Durante décadas, una de las ideas más extendidas en la psicología fue que la personalidad quedaba prácticamente definida al llegar a la adultez. Sin embargo, las investigaciones más recientes muestran un panorama mucho más dinámico, si bien existen rasgos relativamente estables, la personalidad puede modificarse a lo largo de toda la vida.
La evidencia científica acumulada en los últimos 20 años coincide en un punto central, las personas cambian, aunque no de manera abrupta ni en todos los aspectos por igual. Experiencias vitales, relaciones afectivas, responsabilidades laborales, la crianza de hijos e incluso procesos terapéuticos pueden influir en la forma en que pensamos, sentimos y nos comportamos.
Los psicólogos suelen estudiar la personalidad a través del modelo de los "Cinco Grandes" (Big Five), que evalúa cinco dimensiones principales: apertura a la experiencia, responsabilidad o escrupulosidad, extraversión, amabilidad y neuroticismo.
Según una revisión de investigaciones longitudinales realizada por los reconocidos psicólogos Brent Roberts y Daniel Mroczek, la personalidad continúa desarrollándose durante toda la adultez. Los estudios muestran que, en promedio, las personas tienden a volverse más responsables, emocionalmente estables, cálidas y seguras de sí mismas con el paso de los años.
"Las personas muestran aumentos en la confianza en sí mismas, la calidez interpersonal, el autocontrol y la estabilidad emocional a medida que envejecen", concluyen Roberts y Mroczek en uno de los trabajos más citados sobre desarrollo de la personalidad.
El principio de madurez
Este fenómeno es conocido en psicología como "principio de madurez". La teoría sostiene que, a medida que los individuos asumen nuevos roles sociales, como trabajar, convivir en pareja o criar hijos, desarrollan rasgos que favorecen la adaptación a esas responsabilidades.
Las mayores transformaciones suelen producirse entre los 20 y los 40 años, una etapa en la que aumentan significativamente la responsabilidad, la estabilidad emocional y la capacidad de autorregulación. Sin embargo, investigaciones posteriores detectaron modificaciones también durante la mediana edad y la vejez.
¿Qué rasgos cambian más?
Los estudios longitudinales sugieren algunas tendencias generales:
- La responsabilidad aumenta con la edad.
- La estabilidad emocional suele mejorar y disminuye la tendencia a experimentar ansiedad constante.
- La amabilidad tiende a crecer, especialmente en edades avanzadas.
- La extraversión puede mantenerse relativamente estable, aunque algunos componentes sociales disminuyen con los años.
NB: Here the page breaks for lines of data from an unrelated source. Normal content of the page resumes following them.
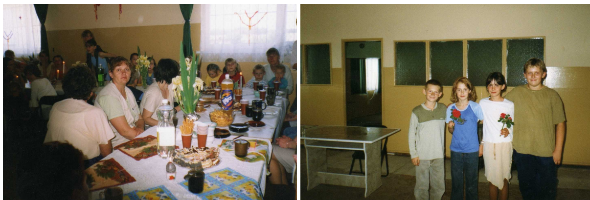
Fot. 5 Dzień Kobiet i Dzień Matki

Obecnie mieszkańcy wsi organizują imprezy okolicznościowe tj. (Dzień Dziadka i Babci, Dzień Kobiet, Dzień Matki, Dzień Dziecka, Dzień Ojca, Mikołajki oraz Gwiazdkę) imprezy plenerowe, itp.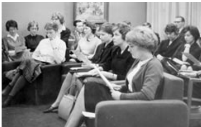
Keskittynyttä harjoittelua keväällä 1961.

jonka radikaaliin kulttuurikäsitteeseen osakunnan toudut eivät mahtuneet. Lehden musiikkiartikkelit käsittelivät avantgardea, Stockhausenia ja Cagea.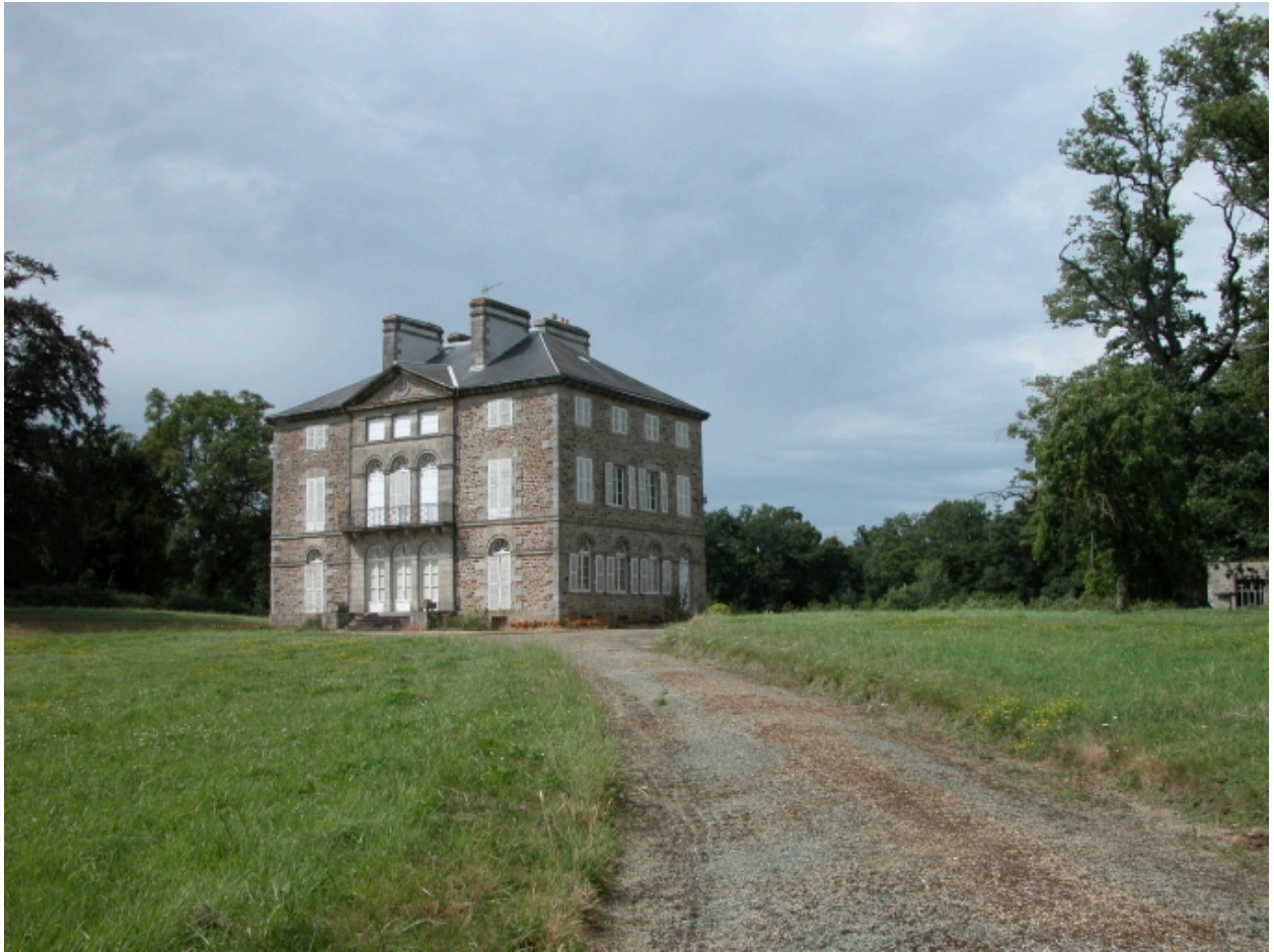
Château, vue générale sud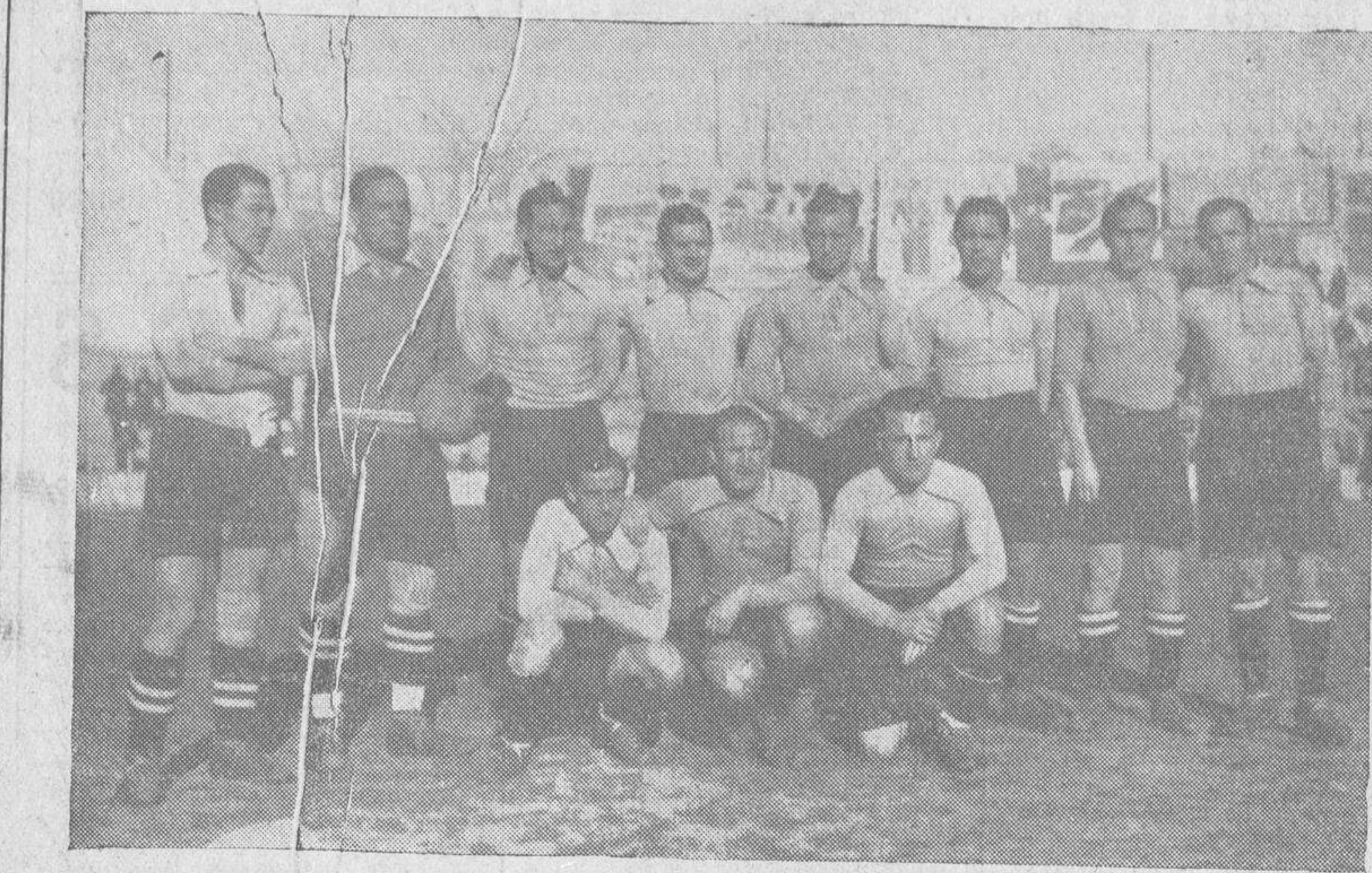
La selección española que jugará contra Portugal el 11 de Marzo, en Madrid, la Copa del Mundo.

Suponiendo que España no fuera, como es, país productor de plata, y que pudiera, como parece que puede, traer mineral del Brasil, propiedad de capitalistas españoles, y desplatarlo en España con beneficio, acontecería siempre que un yanqui, para comprar una moneda de un duro en España, necesitaría pagar a su cambista o banquero girador 66,0663 centavos. Como el duro, convertido en mercancía plata, y arrojado al crisol, no le valdría más que 46,575 centavos, es evidente que perdería en cada duro que importara, una suma cuantiosa: 19,4913 centavos por cada duro, o sea 190.000 dólares en cada millón de duros importados en los Estados Unidos, aparte los gastos de conducción, de comisionaje y de giro.

- La apertura a nuevas experiencias suele alcanzar su punto máximo en etapas más tempranas y puede reducirse gradualmente en la vejez.
Por supuesto, estas tendencias representan promedios poblacionales. Cada persona sigue una trayectoria única influenciada por su historia, contexto social y experiencias de vida. La investigación también encontró que acontecimientos significativos pueden acelerar ciertos cambios.
Un estudio realizado por el psicólogo Daniel Mroczek y el investigador Avron Spiro, que siguió durante más de una década a más de 1.600 adultos, detectó que factores como el matrimonio, la viudez y otros eventos relevantes estaban asociados con modificaciones medibles en rasgos de personalidad.
Además, la evidencia actual indica que las características de personalidad responden a los entornos sociales y culturales en los que viven las personas. Investigaciones interculturales realizadas en Estados Unidos y Japón encontraron que la evolución de algunos rasgos puede variar según el contexto social y las experiencias compartidas por cada sociedad.
¿La terapia puede cambiar la personalidad?
Mroczek, actualmente profesor de Psicología y Medicina Social en la Universidad Northwestern, señaló que la personalidad posee una "plasticidad" mayor de la que se creía décadas atrás. En sus trabajos sobre envejecimiento saludable destaca que los rasgos pueden modificarse mediante intervenciones psicológicas y cambios sostenidos en los hábitos de vida.
La idea de que alguien es "así y no puede cambiar" pierde fuerza frente a una evidencia científica que muestra justamente lo contrario: las personas conservan cierta estabilidad, pero también mantienen capacidad de transformación durante toda la vida.
Los investigadores distinguen entre la estabilidad relativa y el cambio absoluto. En otras palabras, una persona puede seguir siendo más introvertida o más extrovertida que quienes la rodean, pero aun así modificar gradualmente sus niveles de sociabilidad, autocontrol o estabilidad emocional con el paso de los años.